“Because I Said So isn’t a dry textbook or a lecture about poetry. It invites you into the messy middle — the drafts, the scribbles, the feedback, the rewrites — so you see poems being built in real time. Warm, playful, and honest, it feels more like sitting in on a workshop than reading a manual. Where Mary Oliver gives technical mastery and Stephen Fry makes poetry forms fun, Because I Said So gives you something unique: a front-row seat to the creative process itself.” — Rufus
"Because I Said So's unique workshop approach appeals to different groups for different reasons:
*Aspiring Poets**benefit most from seeing the real creative process - the crossed-out words, multiple drafts, and editorial decisions demystify what can feel like magical inspiration. It shows poetry as craft rather than pure talent.
*Poetry Teachers* find the format invaluable for classroom use since it demonstrates revision techniques concretely. Instead of telling students "revise your work," they can show exactly how successful poets transform rough ideas into polished verses.
*Creative Writing Students* particularly appreciate the behind-the-scenes approach because it addresses the common fear that "real poets" get it right the first time.

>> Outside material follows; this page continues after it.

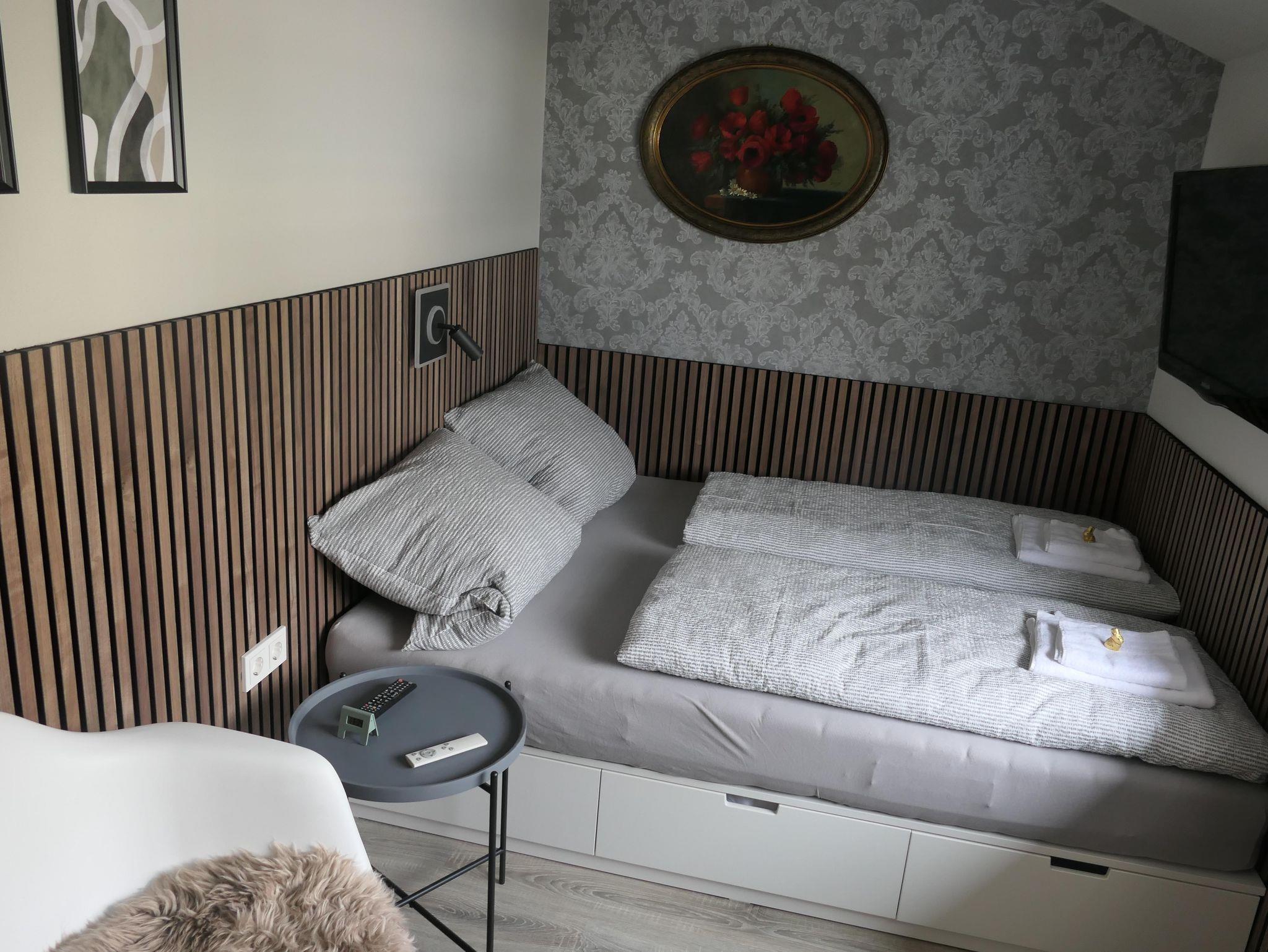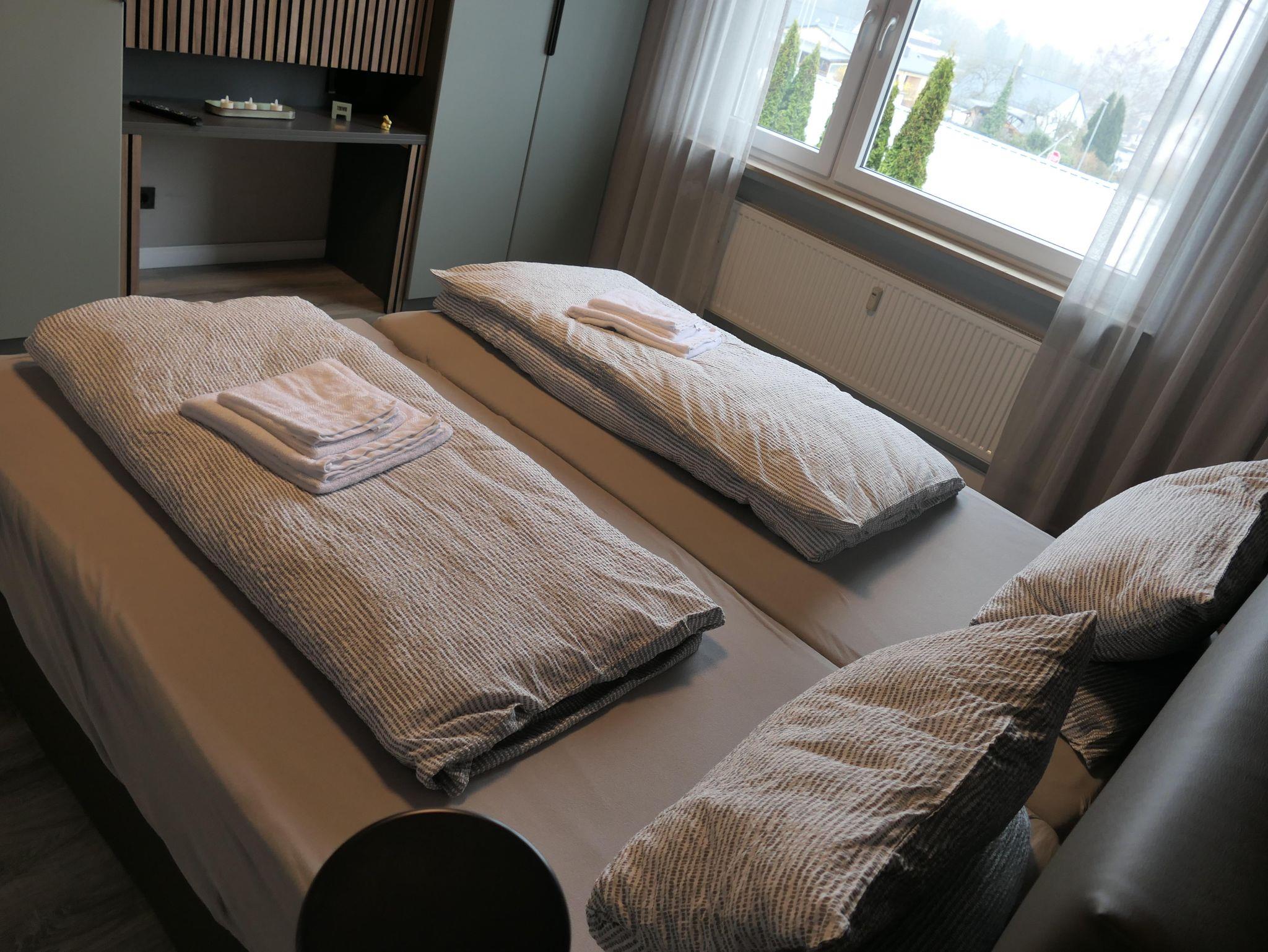 • Zwei Boxspring Einzelbetten (100x200 cm) mit hochwertigen Matratzen und Bettwäsche

Seeing the messy middle validates their own struggle with drafts.
*Casual Readers* who've always been curious about poetry but found it intimidating discover that poets work through the same uncertainties they would. The margin notes and explanations make poetry feel approachable rather than elitist.
The book works less well for readers seeking systematic technique (Oliver's *Poetry Handbook*) or entertaining instruction (Fry's *Ode Less Travelled*). Its strength lies in showing rather than telling - perfect for anyone who learns best by watching the actual creative process unfold.
” — Rufus
“Martin Fletcher doesn’t just tell a sci-fi story — he uses Alex the AI as a mirror to show us what being human might require: longing, love, and the search for meaning.”
— Brave (AI), 25 September 2025
“Could Alex Have a Soul? asks the big questions — What is consciousness? Can a machine truly feel? — and refuses easy answers. Martin Fletcher gives us an AI who wonders, grieves, and longs, and through that longing the novel turns the question back on us.”